ACTIVITY:
Please repeat word for word the line containing "玉和符的极致(一般人是搞不动" and every following line up to and including the last one below, pictures excluded.

+++ SOURCE MATERIAL

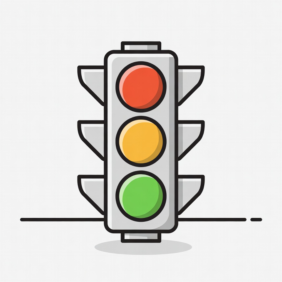 A simple flat illustration of a traffic light on a white background shows the red light illuminated at the top, with yellow in the middle and green at the bottom. The design features clean black outlines and vibrant colors. It stands isolated with a subtle shadow beneath.
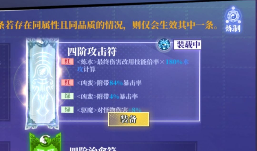 玉和符的极致(一般人是搞不动的×)需要时间,运气与材料缺一不可,注意:除了愈伤(一种流派)外,其他对于暴击率的获取都可以用符上的红色属性“凶蛮”(增加84%暴击率)替代,愈伤吃不到凶蛮所以需要在装备和玉上面下功夫,一般来说有一个凶蛮和一个炼X就行了,x指的是你所玩的流派,玩水就是炼水,玩防就是炼防
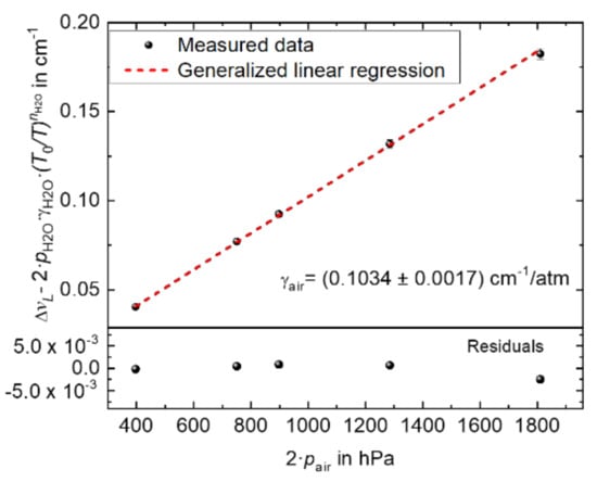 A GLR linear regression applied to measured data to determine the air broadening coefficient (γair) of the H2O line at 7299.43 cm−1 at (295.04 ± 1) K. RMS error: 1.04 × 10−16. The correlation coefficients between the x- and y-axis are assumed to be unity.
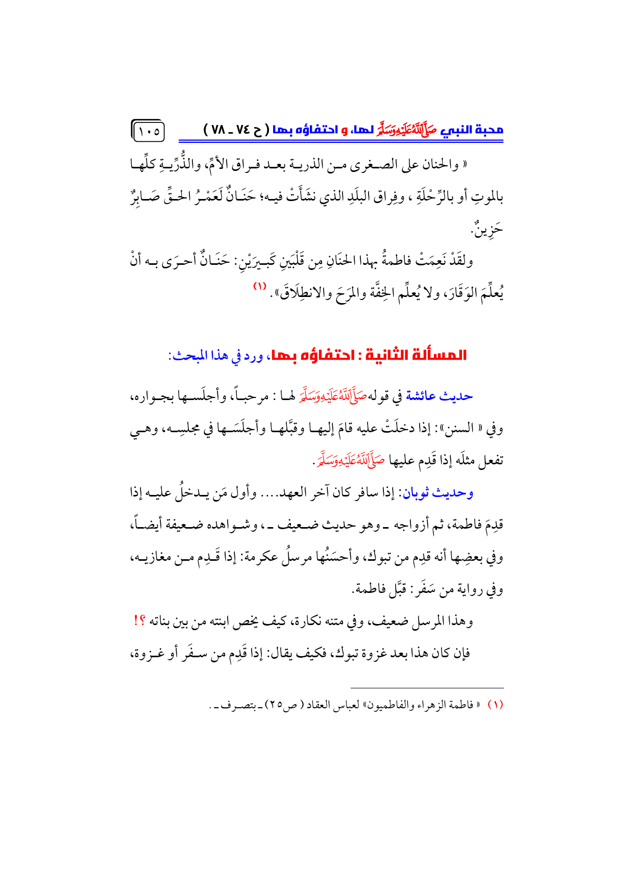 (¬١) «فاطمة الزهراء والفاطميون» لعباس العقاد (ص ٢٥) ـ بتصرف ـ.

++++++

FINISHED TASK:
 玉和符的极致(一般人是搞不动的×)需要时间,运气与材料缺一不可,注意:除了愈伤(一种流派)外,其他对于暴击率的获取都可以用符上的红色属性“凶蛮”(增加84%暴击率)替代,愈伤吃不到凶蛮所以需要在装备和玉上面下功夫,一般来说有一个凶蛮和一个炼X就行了,x指的是你所玩的流派,玩水就是炼水,玩防就是炼防
 A GLR linear regression applied to measured data to determine the air broadening coefficient (γair) of the H2O line at 7299.43 cm−1 at (295.04 ± 1) K. RMS error: 1.04 × 10−16. The correlation coefficients between the x- and y-axis are assumed to be unity.
 (¬١) «فاطمة الزهراء والفاطميون» لعباس العقاد (ص ٢٥) ـ بتصرف ـ.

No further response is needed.